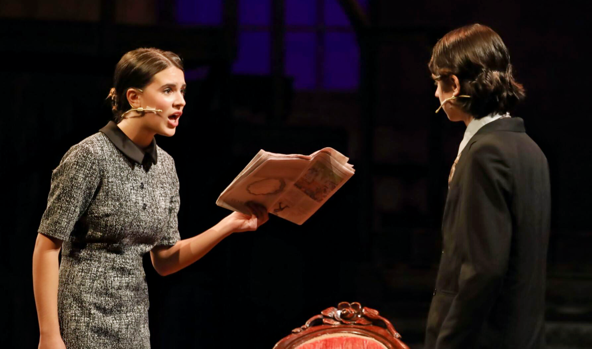 Joshua Sommers '29 as Reporter Jack Youngwood and Izzy Miller '29 as Sob Sister.
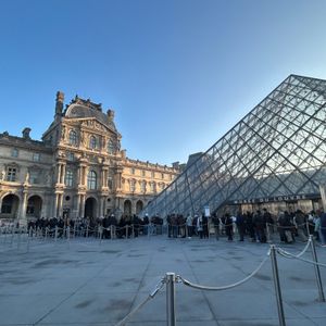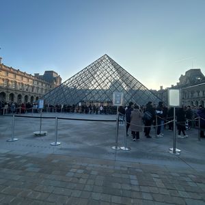ルーブルの集合場所など不安に思いながら現地到着し、ピラミッドの周りの入場時間が表示されたプレートごとの行列に並びました。
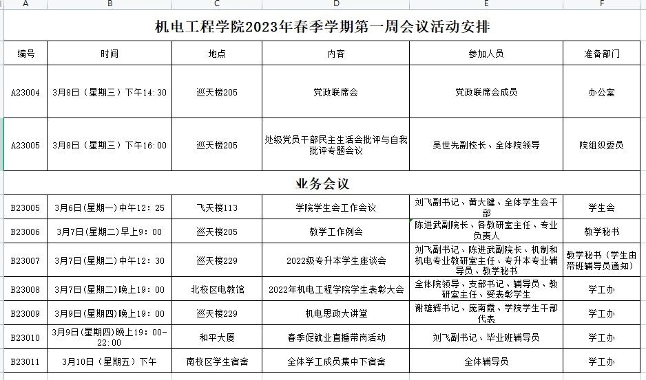 2023年春季学期第一周会议活动安排
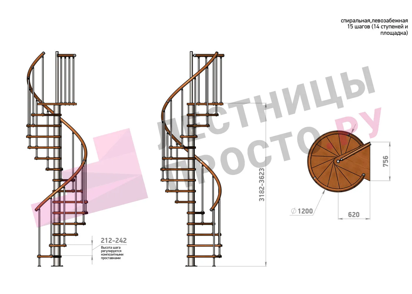 Винтовая лестница Prosto Spiral Black D120см, h318.2-362.3 см |
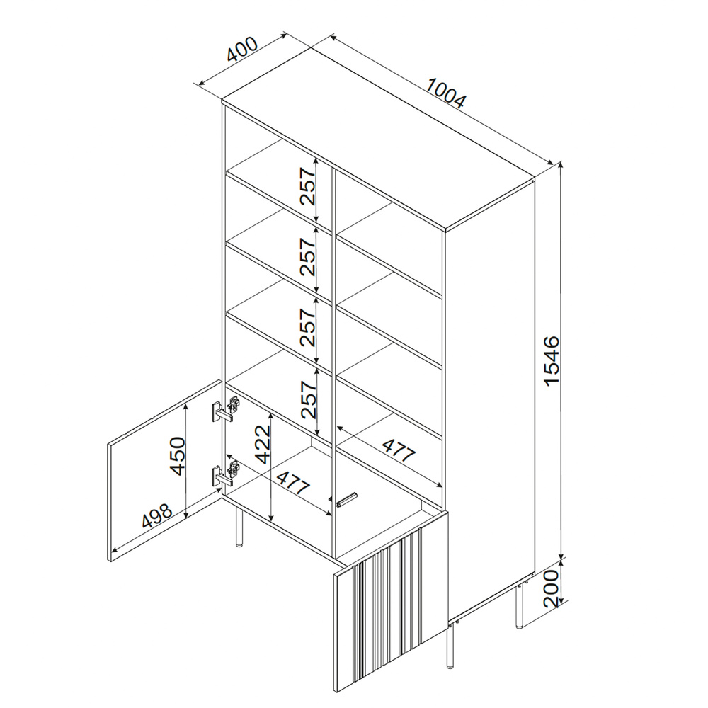 Korpus regału został wykonany z trwałej płyty laminowanej o grubości 16 mm, co zapewnia solidność i odporność na codzienne użytkowanie. Fronty z płyty MDF o tej samej grubości ozdobiono nowoczesnymi, pionowymi frezami, które dodają meblowi głębi i elegancji. Całość spoczywa na metalowych nóżkach o wysokości 20 cm, malowanych w kolorze mebla, co nadaje konstrukcji lekkości i ułatwia sprzątanie pod spodem. Brak uchwytów i zastosowanie systemu push to open to ukłon w stronę nowoczesnego, czystego wzornictwa bez kompromisów w wygodzie.
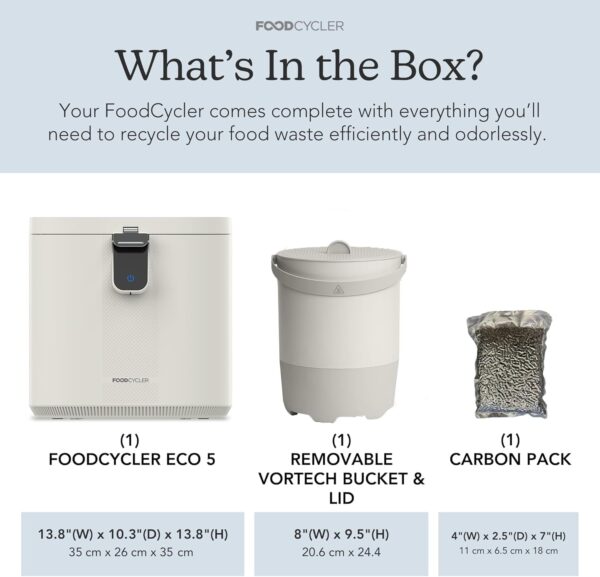 - TRANSFORM KITCHEN WASTE INTO PLANT FOOD -WITHOUT LIFTING A FINGER: The FoodCycler Eco 5 is a convenient solution to elimiate food waste. Ideal for busy homes, the Eco 5 does the clean up. It quietly grinds your food waste into plant food, reducing odors, messes and the amount of trash you take out.
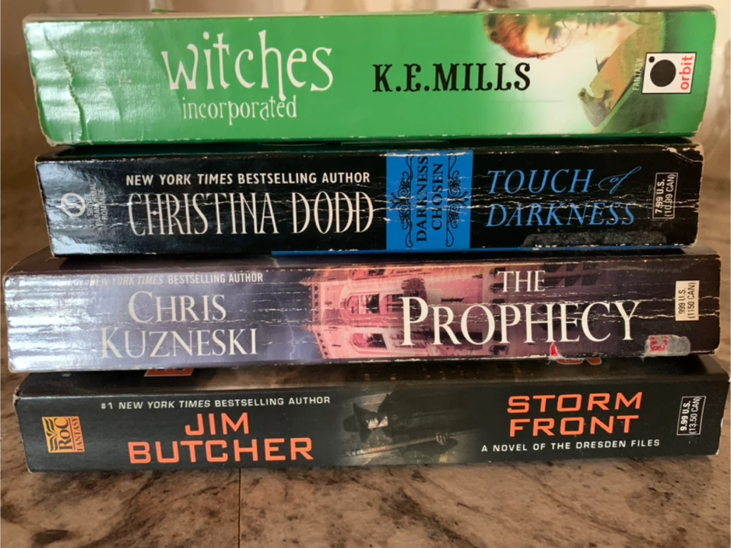 Selling a set of four fantasy novels! Includes: - Witches Incorporated by K.E. Mills - Touch of Darkness by Christina Dodd - The Prophecy by Chris Kuzneski - Storm Front by Jim Butcher

WORK REQUEST:
Everything in the records above should be retyped exactly except the pictures.

WORKED SOLUTION:
 Joshua Sommers '29 as Reporter Jack Youngwood and Izzy Miller '29 as Sob Sister.
ルーブルの集合場所など不安に思いながら現地到着し、ピラミッドの周りの入場時間が表示されたプレートごとの行列に並びました。
 2023年春季学期第一周会议活动安排
 Винтовая лестница Prosto Spiral Black D120см, h318.2-362.3 см |
 Korpus regału został wykonany z trwałej płyty laminowanej o grubości 16 mm, co zapewnia solidność i odporność na codzienne użytkowanie. Fronty z płyty MDF o tej samej grubości ozdobiono nowoczesnymi, pionowymi frezami, które dodają meblowi głębi i elegancji. Całość spoczywa na metalowych nóżkach o wysokości 20 cm, malowanych w kolorze mebla, co nadaje konstrukcji lekkości i ułatwia sprzątanie pod spodem. Brak uchwytów i zastosowanie systemu push to open to ukłon w stronę nowoczesnego, czystego wzornictwa bez kompromisów w wygodzie.
 - TRANSFORM KITCHEN WASTE INTO PLANT FOOD -WITHOUT LIFTING A FINGER: The FoodCycler Eco 5 is a convenient solution to elimiate food waste. Ideal for busy homes, the Eco 5 does the clean up. It quietly grinds your food waste into plant food, reducing odors, messes and the amount of trash you take out.
 Selling a set of four fantasy novels! Includes: - Witches Incorporated by K.E. Mills - Touch of Darkness by Christina Dodd - The Prophecy by Chris Kuzneski - Storm Front by Jim Butcher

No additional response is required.